During spontaneous breathing, diabetics had worse baseline data than controls.  For example, diabetics had a lower resting blood oxygen saturation and higher blood pressure.  The main marker of autonomic function that they measured was the baroreflex sensitivity (BRS). BRS measures your body’s ability to quickly adjust your blood pressure to match the current circumstances.  At baseline, the diabetics’ had a lower BRS score.

However, after just 2 minutes of slow breathing, their BRS increased to values similar to those of the controls during spontaneous breathing.  The authors believe this occurred due to a reduction in sympathetic nervous system activity and an increase in parasympathetic activity.

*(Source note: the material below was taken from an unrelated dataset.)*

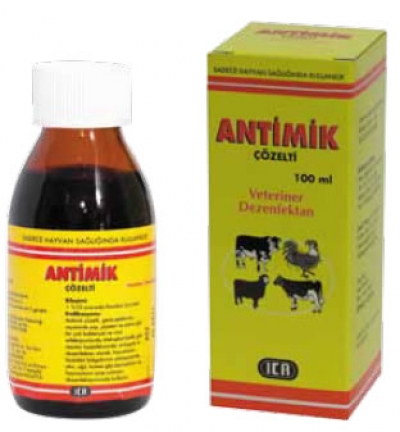 Antimik Çözelti; değişik oranlarda sulandırılarak, kümes, büyükbaş ve küçükbaş hayvan barınaklarının dezenfeksiyonu, kuluçkahane ve ekipmanlarının dezenfeksiyonu, besin endüstrisinde kullanılan ekipmanların dezenfeksiyonu, hayvanların içme ve kullanma sularının dezenfeksiyonu, çeşitli besin üretim birimlerinin dezenfeksiyonu, bulaşıcı ve salgın hastalık olgularında kapalı barınak havasının dezenfeksiyonu, hayvanların topluca bulundukları kontamine açık alanların dezenfeksiyonu, hayvan gübreleri,üretim ve çiftlik atıkları,hayvan sekret,eksret ve diğer atıklarıyla bulaşmış her çeşit malzeme dezenfeksiyonu,süthaneler,sağım makinaları, hayvan hastaneleri ile ameliyathanelerinin dezenfeksiyonu,cerrahi alet ve malzemelerin antisepsisi, piyeten, şap ve diğer ayak hastalıklarının iyileştirici sağaltımına yardımcı olmak amacıyla, cerrahi müdahalelerden

They also provide evidence that this shift in autonomic activity has a direct antioxidant effect.  Because diabetics (and really anyone with a chronic disease) suffer from excess oxidative stress and free radicals, this aspect of slow breathing is extremely important for improving our overall health and well-being.

Lastly, slow breathing also improved the arterial function and blood oxygen saturation of the diabetics. The authors suspect the improvements in oxygen saturation were due to improved ventilation perfusion (i.e., better matching of air and blood flow in the lungs). 

In summary, with only 2 minutes of slow breathing, type 1 diabetics were able to improve autonomic function, enhance antioxidant capacity, and improve blood oxygen saturation. These results provide practical evidence that slow breathing can improve the overall health of diabetics.

Abstract from Paper

Hyperoxia and slow breathing acutely improve autonomic function in type-1 diabetes. However, their effects on arterial function may reveal different mechanisms, perhaps potentially useful. To test the effects of oxygen and slow breathing we measured arterial function (augmentation index, pulse wave velocity), baroreflex sensitivity (BRS) and oxygen saturation (SAT), during spontaneous and slow breathing (6 breaths/min), in normoxia and hyperoxia (5 L/min oxygen) in 91 type-1 diabetic and 40 age-matched control participants. During normoxic spontaneous breathing diabetic subjects had lower BRS and SAT, and worse arterial function. Hyperoxia and slow breathing increased BRS and SAT. Hyperoxia increased blood pressure and worsened arterial function. Slow breathing improved arterial function and diastolic blood pressure. Combined administration prevented the hyperoxia-induced arterial pressure and function worsening. Control subjects showed a similar pattern, but with lesser or no statistical significance. Oxygen-driven autonomic improvement could depend on transient arterial stiffening and hypertension (well-known irritative effect of free-radicals on endothelium), inducing reflex increase in BRS. Slow breathing-induced improvement in BRS may result from improved SAT, reduced sympathetic activity and improved vascular function, and/or parasympathetic-driven antioxidant effect. Lower oxidative stress could explain blunted effects in controls. Slow breathing could be a simple beneficial intervention in diabetes.

Journal Reference:

Bernardi L, Gordin D, Bordino M, Rosengård-Bärlund M, Sandelin A, Forsblom C, Per-Henrik Groop PR. Oxygen-induced impairment in arterial function is corrected by slow breathing in patients with type 1 diabetes. Sci Rep. 2017;7:6001. DOI:10.1038/s41598-017-04947-4.